Re: xfs: commit 6552321831dc "xfs: remove i_iolock and use i_rwsem in the VFS inode instead" change causes hang

From: Christoph Hellwig
Date: Sun Jan 08 2017 - 13:19:15 EST


On Sun, Jan 08, 2017 at 09:59:25AM -0800, James Bottomley wrote:
> Hey, that's not really true: the inode lock (i_rwsem) is used in all
> sorts of generic places, including generic_file_write_iter(). That's,
> I think, why ima is using it to try to prevent writes while it measures
> the file.

But all these are _below_ file_operations. The only place where take
them in the VFS is for namespace locking, e.g. before calling into
inode_operations (to generalize a little).

>
> > So the answer here is that ima needs to stop playing with i_rwsem.
>
> Isn't there a happy medium? most sensible filesystems will allow shared
> reading (unless they want to tank performance) so we can rely on the
> fact that even if a fs does use i_rwsem internally on the read path, it
> will have to be shared.

At least for direct I/O that doesn't always have to be true.

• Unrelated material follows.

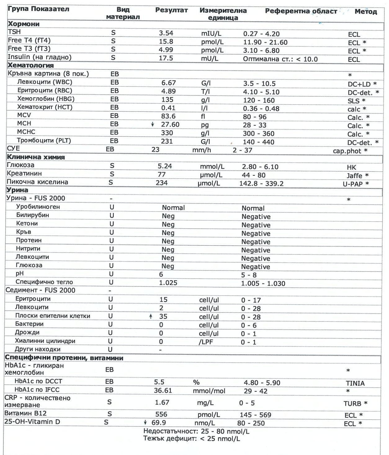 Пуснахме изследвания да видим как ми е щетовидната. Тя искаше да пуснем само TSH, но аз си пуснах и  FT-3 и FT 4.

> So simply replacing the inode_lock() in ima
> with inode_lock_shared() should do what ima wants and not interact
> badly even if the underlying FS uses i_rwsem. If there's ever a FS
> that takes it exclusively in the read path, ima can simply blacklist
> it.

IFF we actually allow recursive readers for rw_semaphores this would
work around the issue (but I'm not sure about that fact, at least
in the past we didn't). It won't fix IMA for all the file systems
use other synchronization for reads, e.g. the cluster locks in ocfs2
or gfs2. It won't fix NFS which will exhibit exacly the same issue
as Mimi reported.

Last but not least it won't solve the problem that IMA has never been
designed and does neither document the requires it has from a file system,
nor is there any systematic testing for it. It will keep on breaking
because it has all kinds of weird implicit assumptions never written down
or verified, and the test coverage for it is basically non-existing.